From: Simon Albrecht
Subject: Re: Language selection code
Date: Fri, 27 Mar 2015 17:31:12 +0100
User-agent: Mozilla/5.0 (X11; Linux x86_64; rv:31.0) Gecko/20100101 Thunderbird/31.5.0

Am 27.03.2015 um 14:38 schrieb David Nalesnik:
Hi Simon,


On Thu, Mar 26, 2015 at 6:43 PM, Simon Albrecht <address@hidden <mailto:address@hidden>> wrote:

[...]

    So the roadmap would include
    – discussing design and coding (?)


I haven't gone through this thoroughly, but I did notice that an invalid statement like this
\language general.deutsch.foo
isn't gracefully dealt with.

I haven't studied this enough to diagnose the problem, but I did notice the following:

% extended from music-functions-init.ly:603 <http://music-functions-init.ly:603>
language =
#(define-void-function
  (parser location arg)
  ;; Usage:
  ;; \language input.LANG or
  ;; \language output.LANG or
  ;; \language LANG—which is equivalent to
  ;; \language general.LANG or to the first two combined
  (symbol-list-or-symbol?)
(_i "Define languages for input (i.e. set note names for @var{language}), output (i.e. display tagline and table of contents in @var{language}), or both.")

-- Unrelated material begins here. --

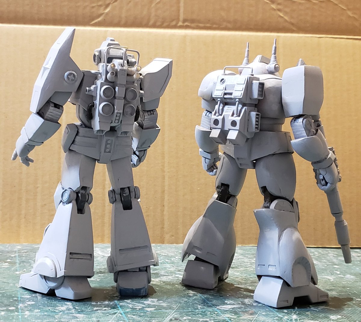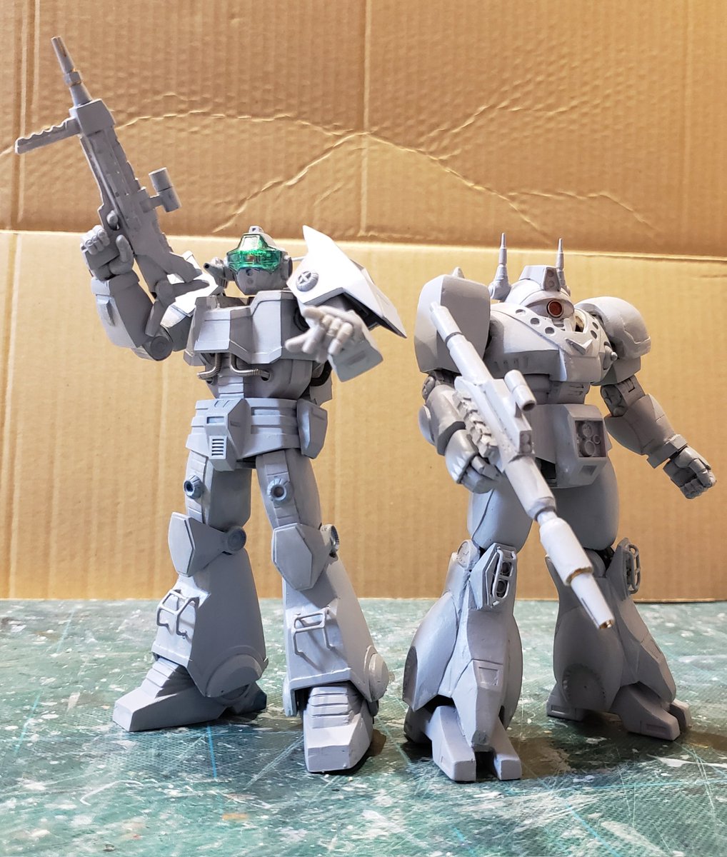 ジャウ・ザマック&バ・ガル進捗ー!ジャウのライフルを整え、ガルの武器をスクラッチ。一通り武器まで手が入ったので溶きパテ塗りましたが、悲しくなるほどまだダメダメでした😱(知ってたw)でもフォルムはいい感じになったので、表面処理頑張ります。。!#酒餅12チャンネル #ロボマニ #メガロザマック

  (let* ((correct-input (if (> (length arg) 2) #f #t))
         (channel (if (= 2 (length arg)) ;if a channel is given,
                      (car arg)    ;use it
                      'general))     ;else apply to both
         (language (cond ((= 1 (length arg)) (list-ref arg 0))
                     ((= 2 (length arg)) (list-ref arg 1))))


If correct-input is #f, language will be undefined.  You could add
(else #f)
You’re right, that was an oversight on restructuring the code. A previous version had (else #f) here. I intended to replace the test in the following two if clauses by correct-input.

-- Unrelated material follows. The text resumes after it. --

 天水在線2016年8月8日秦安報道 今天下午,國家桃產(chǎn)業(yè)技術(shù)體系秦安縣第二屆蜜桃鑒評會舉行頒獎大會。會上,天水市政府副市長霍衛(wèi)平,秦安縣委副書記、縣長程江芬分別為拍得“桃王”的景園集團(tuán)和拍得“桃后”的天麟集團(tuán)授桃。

         (input-lang (if language ;if input isn’t wrong
                         language
 'nederlands)) ;default


The boolean value of #<unspecified> is ... #t, so input-lang will select language if the input is not correct. language will be #<unspecified>.

         (output-lang (if language
                          language
                          'english)))

As above.

Possibly you shouldn't bind the variables after correct-input unless the input is correct.
I see – simply aborting the function (with a warning of course) instead of carefully reinstating the default values… And you’re right, using { b } in the example also tests note name language without giving errors. Attached a version with these changes incorporated, without user syntax changes for now.